### Work instruction
Return the full listing word for word, but drop every picture from it.

### Working data

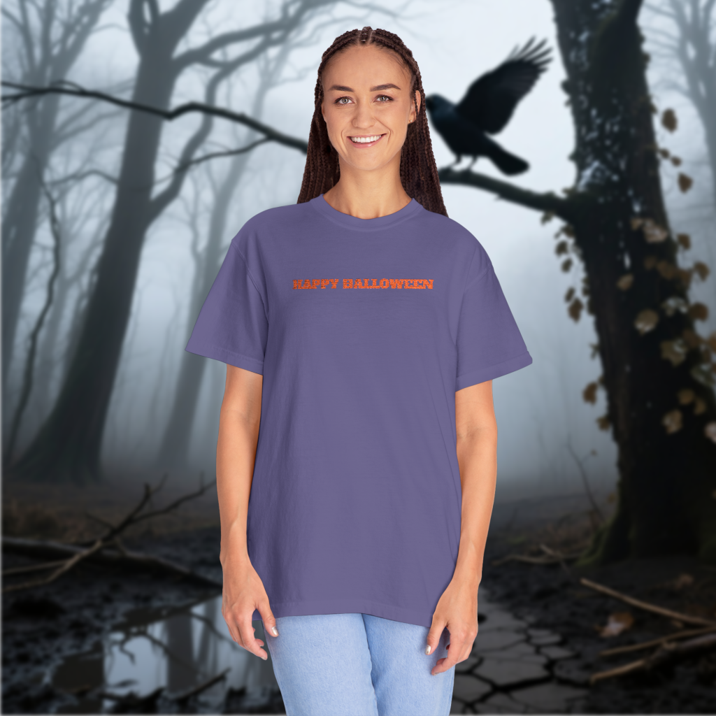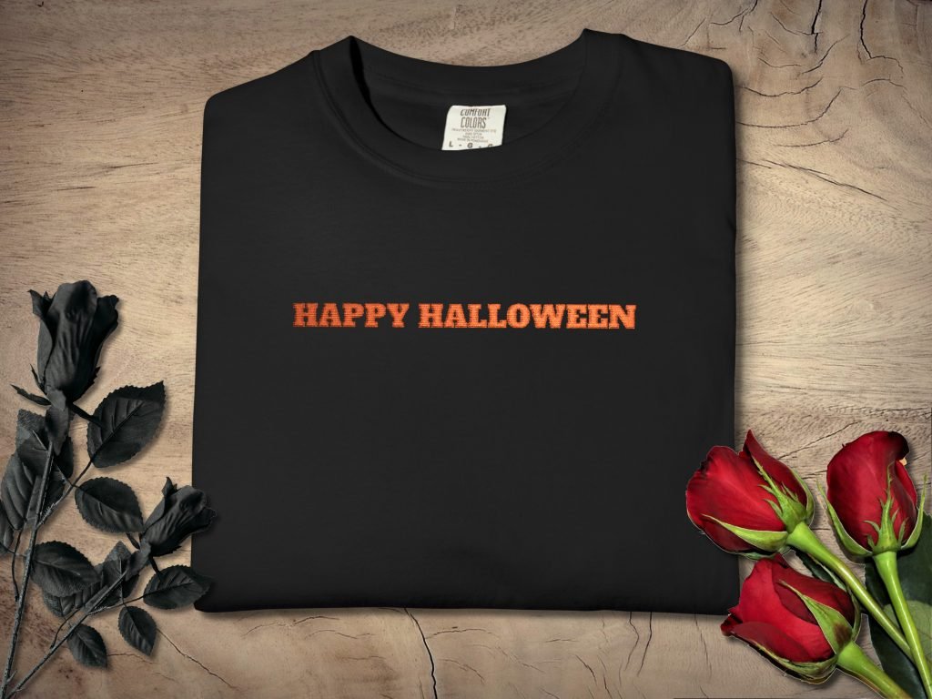 This Halloween Embroidered Shirt features stitched Happy Halloween text on comfort colors t-shirt. Made with pre-shrunk ring-spun US cotton and a relaxed fit for spooky season gifting and horror fans.
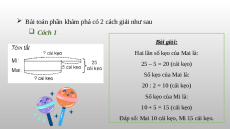 Hai lần số kẹo của Mai là: 25 – 5 = 20 (cái kẹo) Số kẹo của Mai là: 20 : 2 = 10 (cái kẹo) Số kẹo của Mi là: 10 + 5 = 15 (cái kẹo)
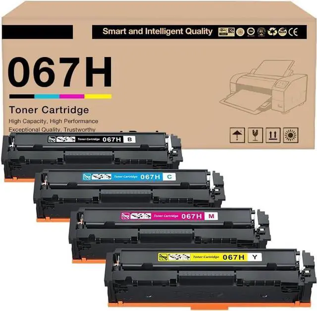 The packaging contains: 4 Color Compatible Toner Cartridge Replacement for Canon 067H Toner Cartridge (1 x 067H black toner, 1 x 067H cyan toner, 1 x 067H yellow toner, 1 x 067H magenta toner)
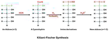 In carbohydrate chemistry, the Kiliani–Fischer synthesis is a traditional reaction that enables aldose sugars to undergo step-up extension by one carbon atom. It was created by Emil Fischer and Hermann Kiliani and was an essential technique for examining and contrasting the structures of monosaccharides. Because it allows scientists to transform a known aldose into its higher homolog and discover structural links amongst sugars, this reaction is especially significant.
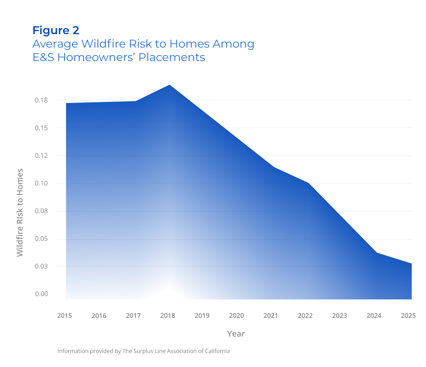 Risk to homes combines the likelihood of wildfire, modeled fire intensity and potential structure damage, providing a more property-specific view of hazard. When SLACAL first reported the decline in wildfire hazard in 2025, it appeared to be a temporary artifact of admitted‑market stress. Instead, the trend has strengthened. As shown in Figure 2, portfolio‑wide risk to homes has now fallen to its lowest level, continuing a multi-year decline even as E&S volume surged past 300,000 policies. This pattern persisted despite California’s severe 2025 wildfire season and the resulting strain on insurer capital. While admitted carriers understandably restricted new business, the homes entering E&S in 2024 to 2025 showed lower, not higher, underlying wildfire hazard.
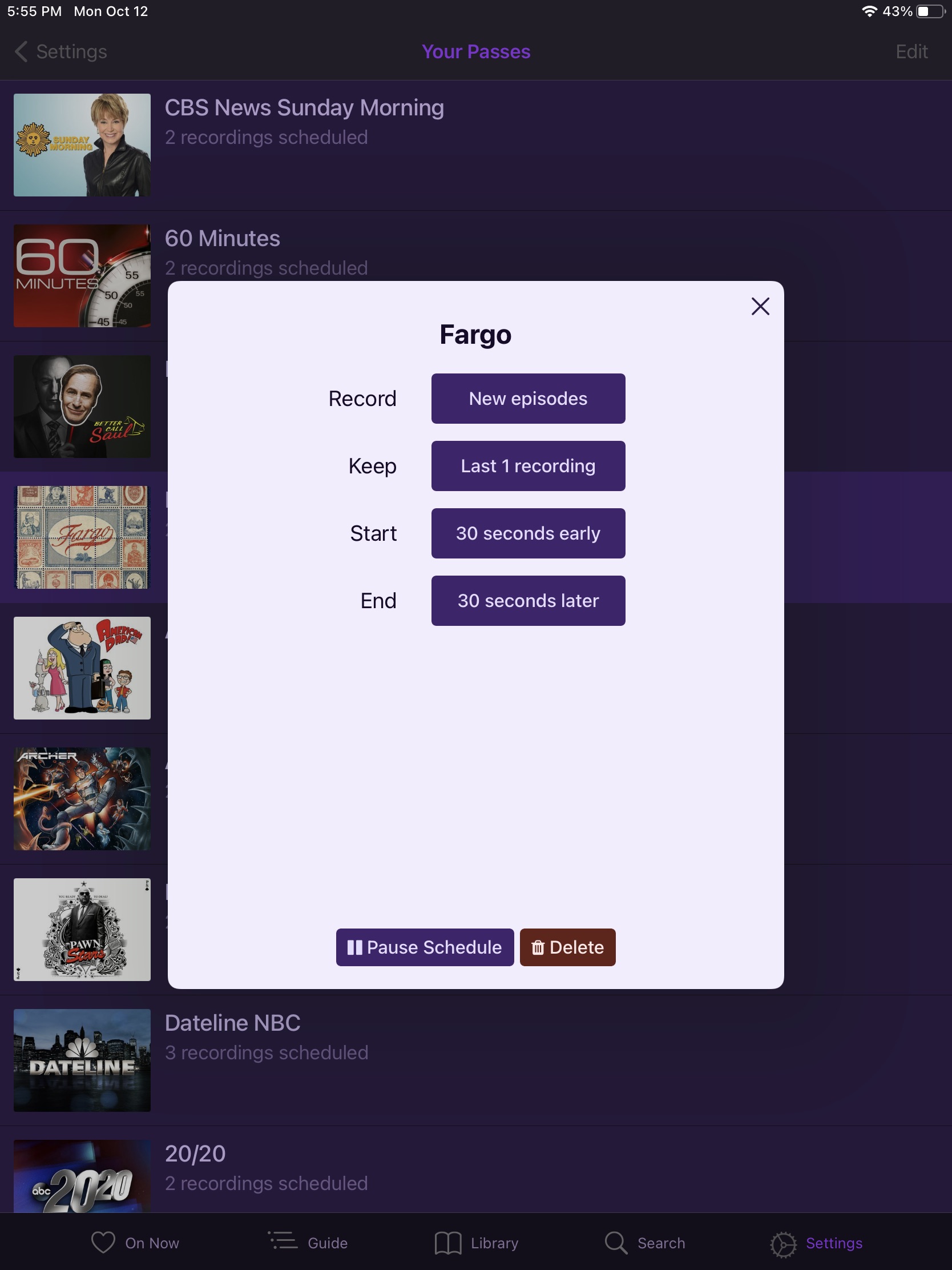 Yesterday Sunday, it deleted my recording of 60 minutes right after was done recording it. And today when I went to watch Fargo it too was deleted.
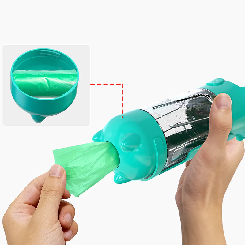 • 4-in-1-Design: Entwickelt für die Einhandbedienung. Ein Fach enthält Wasser, das zweite Fach enthält Lebensmittel und das andere enthält Kotbeutel. Es gibt auch eine kleine Schaufel, mit der man den Kot aufsammeln kann.
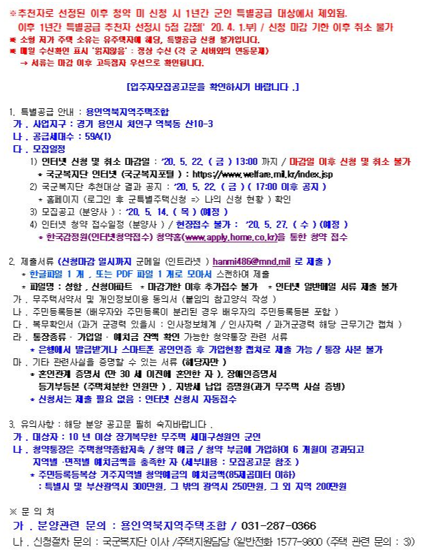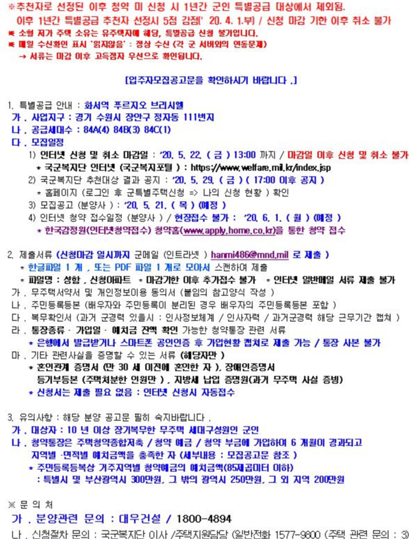 * 군인특별공급과 관련된 정보는 기존 포스팅을 참고바랍니다.
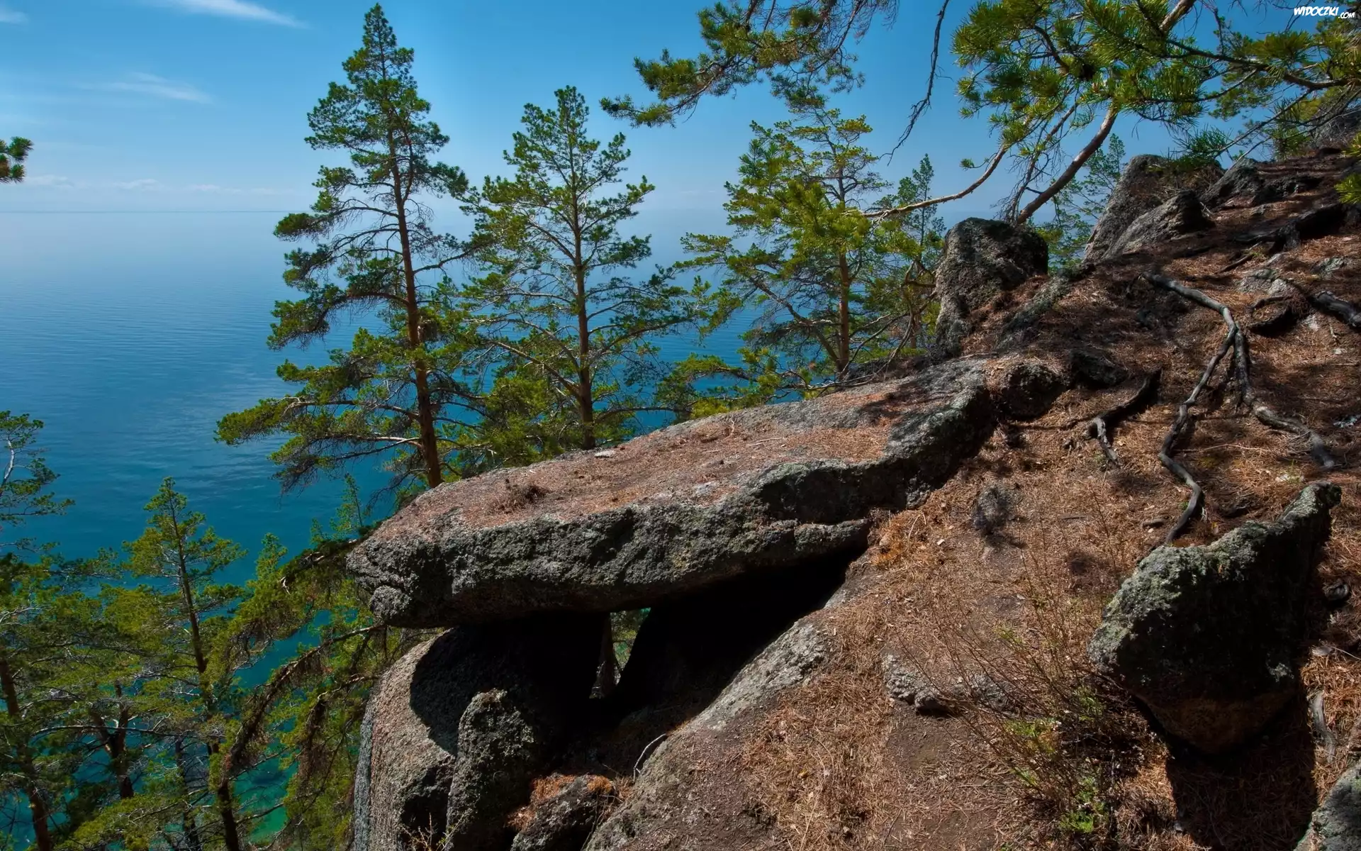 Zdjęcia, Morze, Skały, Drzewa
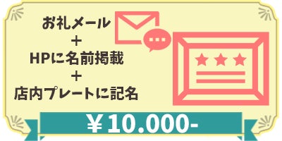 ・お礼メール+HPに名前掲載+店内プレートに記名 10,000円
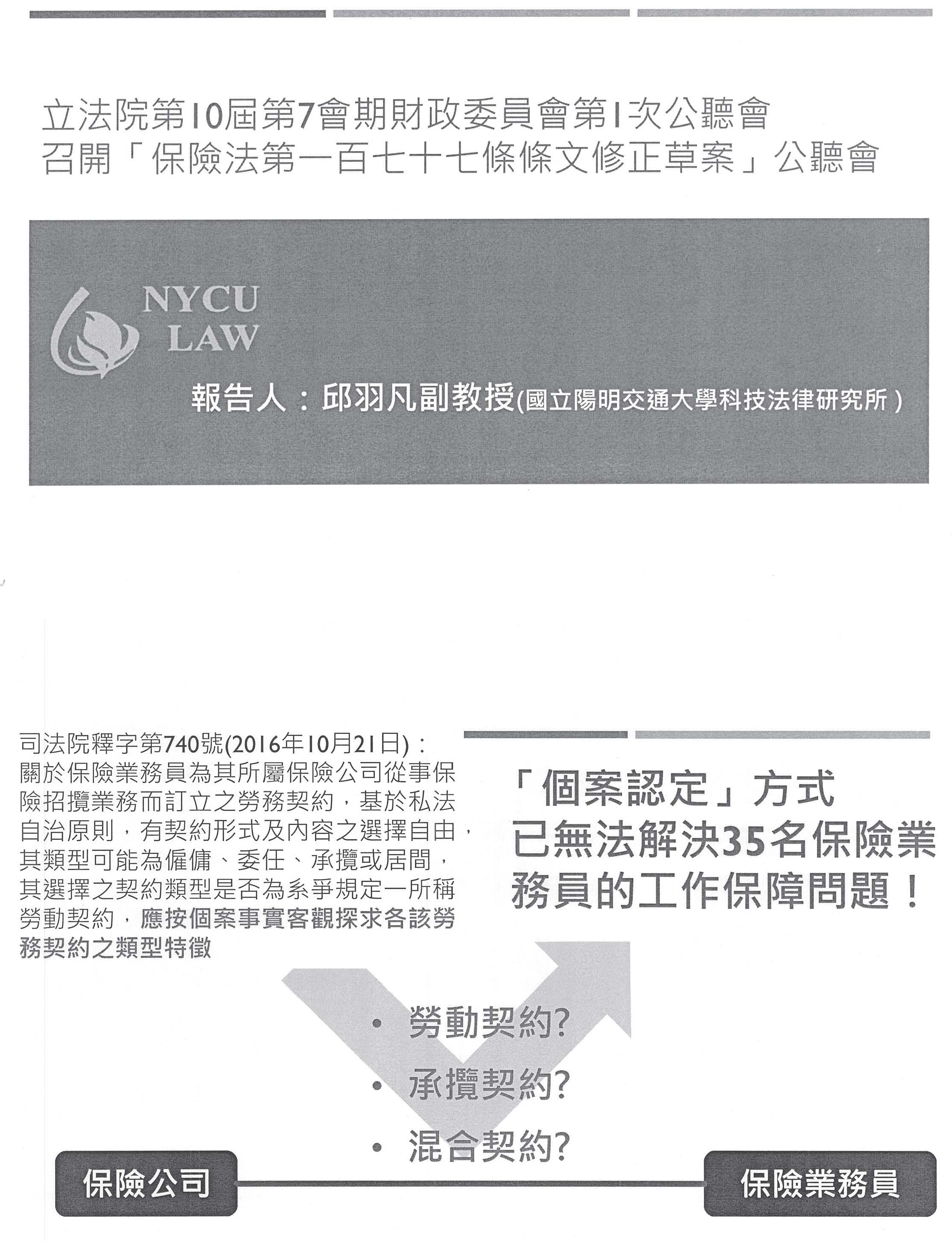 邱羽凡副教授:主席、各位委員、在座與會專家學者、機關代表,大家好。今天非常高興可以參加這場公聽會,這絕對不是一句客套話,因為關於保險業務員的問題在這邊開公聽會,我已經不曉得來參加第幾次了。
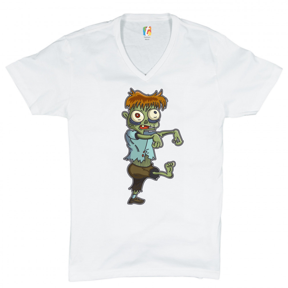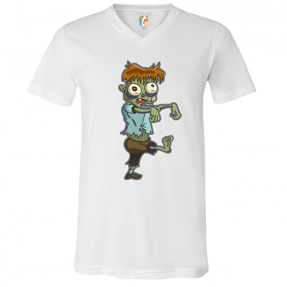 A print featuring a zombie, walking in a stereotypical movie fashion with the arms extended forward. The zombie has messy ginger hair and eyes popping out but he looks rather funny and non-threatening. A great choice for a person who is into horror movies
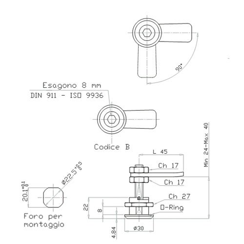 Montaggio: - eseguire foro nel portello come disegno - inserire corpo d.30 con stelo M10 - bloccare dado di ritegno M22 regolare con i due dadi M10 lo spessore di chiusura
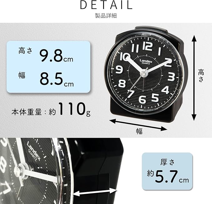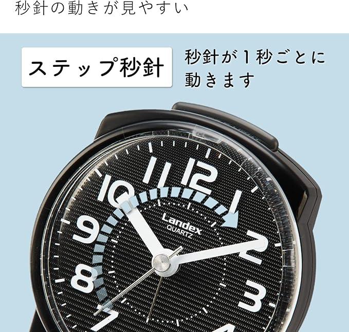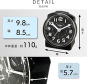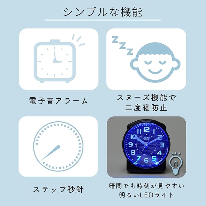 機能・仕様:ステップ秒針、電子音アラーム、スヌーズ機能、LEDライト(青色)
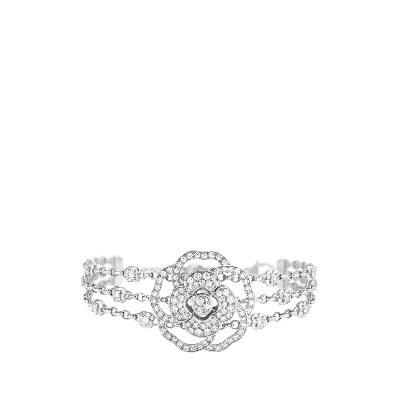 Camelia Bloom supple cuff, 18K white gold, diamonds on the CHANEL website. 18K white gold, diamonds
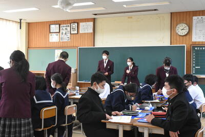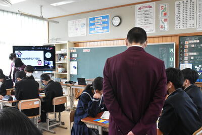 令和5年1月12日(木)に、本庄中学校で、本庄高校1年生による情報モラル講習会を行いました。
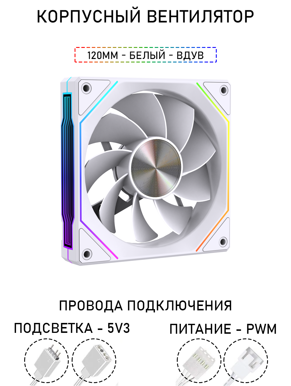 Вентилятор для корпуса LovingCool - 4RS, 120мм, белый, выдув, A-RGB, PWM + 5v3
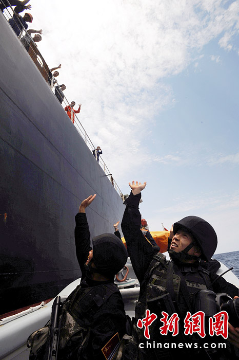 4月16日當地時間11時,第五批護航編隊圓滿完成第188批護航任務,在“嘉永山”輪船實施隨船護衛(wèi)的4名特戰(zhàn)隊員換乘小艇離開時,船員紛紛來到甲板與他們揮手告別。江山 攝
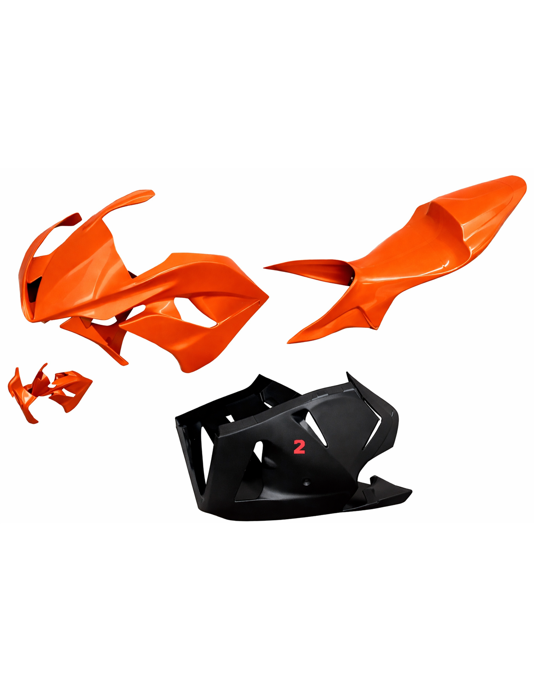 Die Verkleidungssatz enthält: Frontverkleidung, Seitenverkleidung rechts und links, Unterverkleidung, Heck (Tankabdeckung ist nicht eingeschlossen).
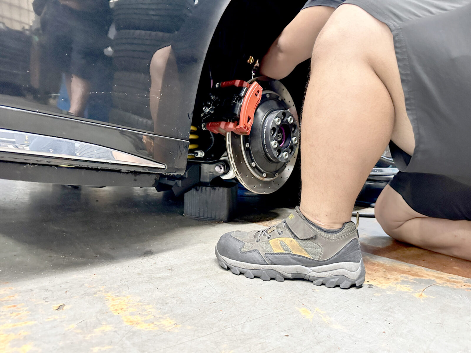 更換前負責施工的台中歐美輪胎也依照SOP,測量四輪弧到輪圈下緣的高度,發現前輪高度約為71.7公分,後輪高度約為74.7公分,接著開始更換KW V3避震器,完工後可將前後軸車高分別降低到66.7/69.0公分,降低幅度達5.0/5.7公分,用肉眼看就可得知車身高度確實降低不少。

### Exercise response
 This Halloween Embroidered Shirt features stitched Happy Halloween text on comfort colors t-shirt. Made with pre-shrunk ring-spun US cotton and a relaxed fit for spooky season gifting and horror fans.
 Hai lần số kẹo của Mai là: 25 – 5 = 20 (cái kẹo) Số kẹo của Mai là: 20 : 2 = 10 (cái kẹo) Số kẹo của Mi là: 10 + 5 = 15 (cái kẹo)
 The packaging contains: 4 Color Compatible Toner Cartridge Replacement for Canon 067H Toner Cartridge (1 x 067H black toner, 1 x 067H cyan toner, 1 x 067H yellow toner, 1 x 067H magenta toner)
 In carbohydrate chemistry, the Kiliani–Fischer synthesis is a traditional reaction that enables aldose sugars to undergo step-up extension by one carbon atom. It was created by Emil Fischer and Hermann Kiliani and was an essential technique for examining and contrasting the structures of monosaccharides. Because it allows scientists to transform a known aldose into its higher homolog and discover structural links amongst sugars, this reaction is especially significant.
 Risk to homes combines the likelihood of wildfire, modeled fire intensity and potential structure damage, providing a more property-specific view of hazard. When SLACAL first reported the decline in wildfire hazard in 2025, it appeared to be a temporary artifact of admitted‑market stress. Instead, the trend has strengthened. As shown in Figure 2, portfolio‑wide risk to homes has now fallen to its lowest level, continuing a multi-year decline even as E&S volume surged past 300,000 policies. This pattern persisted despite California’s severe 2025 wildfire season and the resulting strain on insurer capital. While admitted carriers understandably restricted new business, the homes entering E&S in 2024 to 2025 showed lower, not higher, underlying wildfire hazard.
 Yesterday Sunday, it deleted my recording of 60 minutes right after was done recording it. And today when I went to watch Fargo it too was deleted.
 • 4-in-1-Design: Entwickelt für die Einhandbedienung. Ein Fach enthält Wasser, das zweite Fach enthält Lebensmittel und das andere enthält Kotbeutel. Es gibt auch eine kleine Schaufel, mit der man den Kot aufsammeln kann.
 * 군인특별공급과 관련된 정보는 기존 포스팅을 참고바랍니다.
 Zdjęcia, Morze, Skały, Drzewa
 ・お礼メール+HPに名前掲載+店内プレートに記名 10,000円
 邱羽凡副教授:主席、各位委員、在座與會專家學者、機關代表,大家好。今天非常高興可以參加這場公聽會,這絕對不是一句客套話,因為關於保險業務員的問題在這邊開公聽會,我已經不曉得來參加第幾次了。
 A print featuring a zombie, walking in a stereotypical movie fashion with the arms extended forward. The zombie has messy ginger hair and eyes popping out but he looks rather funny and non-threatening. A great choice for a person who is into horror movies
 Montaggio: - eseguire foro nel portello come disegno - inserire corpo d.30 con stelo M10 - bloccare dado di ritegno M22 regolare con i due dadi M10 lo spessore di chiusura
 機能・仕様:ステップ秒針、電子音アラーム、スヌーズ機能、LEDライト(青色)
 Camelia Bloom supple cuff, 18K white gold, diamonds on the CHANEL website. 18K white gold, diamonds
 令和5年1月12日(木)に、本庄中学校で、本庄高校1年生による情報モラル講習会を行いました。
 Вентилятор для корпуса LovingCool - 4RS, 120мм, белый, выдув, A-RGB, PWM + 5v3
 4月16日當地時間11時,第五批護航編隊圓滿完成第188批護航任務,在“嘉永山”輪船實施隨船護衛(wèi)的4名特戰(zhàn)隊員換乘小艇離開時,船員紛紛來到甲板與他們揮手告別。江山 攝
 Die Verkleidungssatz enthält: Frontverkleidung, Seitenverkleidung rechts und links, Unterverkleidung, Heck (Tankabdeckung ist nicht eingeschlossen).
 更換前負責施工的台中歐美輪胎也依照SOP,測量四輪弧到輪圈下緣的高度,發現前輪高度約為71.7公分,後輪高度約為74.7公分,接著開始更換KW V3避震器,完工後可將前後軸車高分別降低到66.7/69.0公分,降低幅度達5.0/5.7公分,用肉眼看就可得知車身高度確實降低不少。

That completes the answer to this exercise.